Finnish ice hockey player and coach

Raimo Olavi Summanen (born March 2, 1962) is a Finnish former professional ice hockey forward and the former head coach of HIFK of the Finnish SM-liiga. He is also a former coach of the Finnish national team. He was selected by the Edmonton Oilers in the sixth round of the 1982 NHL entry draft, 125th overall, and spent his NHL career, which lasted from 1984 to 1987 with Edmonton and the Vancouver Canucks. The rest of his career, which lasted from 1979 to 1995, was mainly spent in the SM-liiga.

==Playing career==
In 1984 Summanen, who was born in Jyväskylä, joined the Edmonton Oilers from Europe at the end of the regular season. He played 2 regular season games and 5 playoff games. Summanen has a 1984 Stanley Cup ring and is part of the Edmonton Oilers' first Stanley Cup winning picture. His name was left off the Cup because he did not officially qualify.

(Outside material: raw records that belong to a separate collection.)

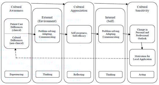 The Papadopoulos, Tilki and Taylor Model for Developing Cultural Competence was originally developed to address cultural learning in nursing students []. It includes four stages: awareness, knowledge, sensitivity, and competence. The GHELP model does not include knowledge as a stage but instead focuses on students’ experiencing, thinking, reflecting, and acting as part of the progression. While there is some overlap in the terminology used to describe the stages of development within each model, the two models do not directly align.
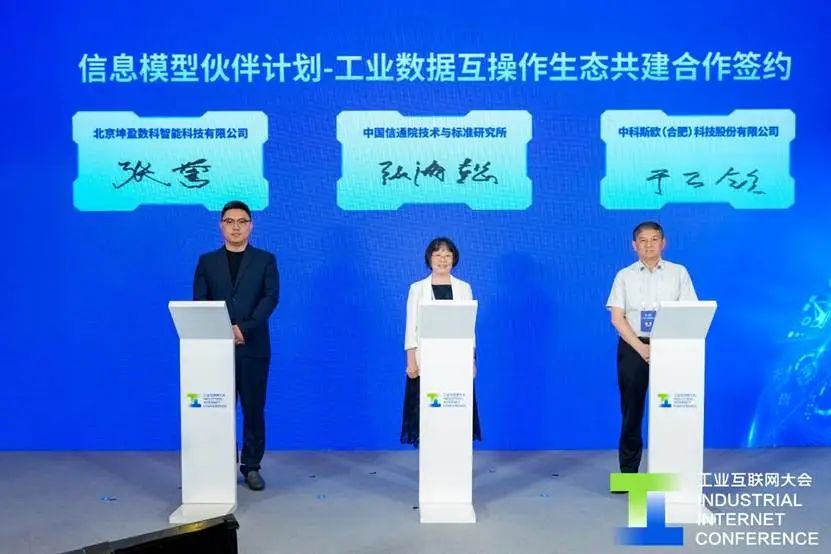 在信息模型伙伴計(jì)劃-工業(yè)數(shù)據(jù)互操作生態(tài)共建合作簽約儀式環(huán)節(jié),中國(guó)信通院技術(shù)與標(biāo)準(zhǔn)研究所所長(zhǎng)張海懿、中科斯歐(合肥)科技股份有限公司董事長(zhǎng)于萬(wàn)欽、北京坤盈數(shù)科智能科技有限公司總經(jīng)理張譽(yù)共同簽約。后續(xù),三方將在工業(yè)數(shù)據(jù)互操作領(lǐng)域深化合作,共同開展技術(shù)研究、標(biāo)準(zhǔn)編制、案例打造等工作,攜手推動(dòng)信息模型發(fā)展。
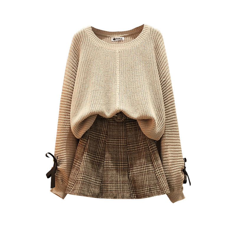 Брендовый модный трикотажный свитер, юбка, комплект, большой размер
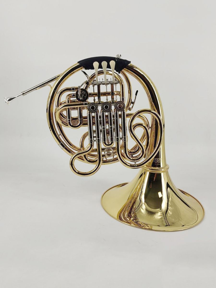 Строй: F/Bb Мензура: 11,89 мм Раструб: 311 мм, съемный Настроечный крон: мельхиор Покрытие: золотой лак Облегченный кейс в комплекте
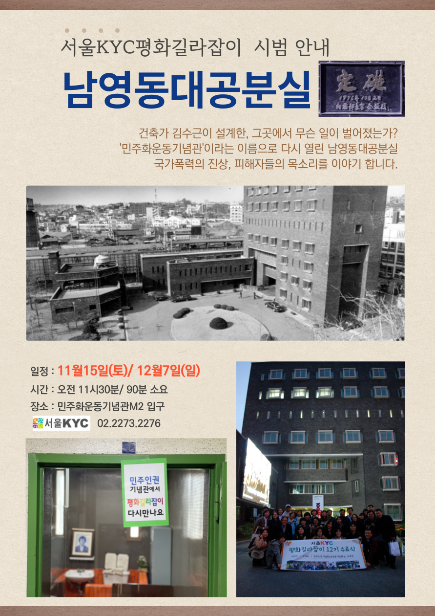 남영동대공분실 정기해설을 만들었던 서울KYC가 다시 이곳에서 독재정권과 고문, 국가폭력의 진실을 마주합니다.
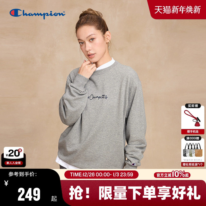 Champion冠军卫衣男2025秋季新款落肩袖宽松圆领打底潮牌校园风女

Summanen also played extensively in Finland, both before and after his NHL days, and in the American Hockey League. He played for the Finnish national team when they won their first Ice Hockey World Championships gold medal in 1995 and retired after the tournament.

==Coaching career==
Summanen coached the Finnish national team to a 2nd-place finish in the 2004 World Cup of Hockey. However, his reported abrasiveness with players and management led to his dismissal. Even during Finland's successful World Cup performance, defenceman Janne Niinimaa left the team after "conflicts with the coaching staff." He also had a testy relationship with the national team's manager, Timo Jutila.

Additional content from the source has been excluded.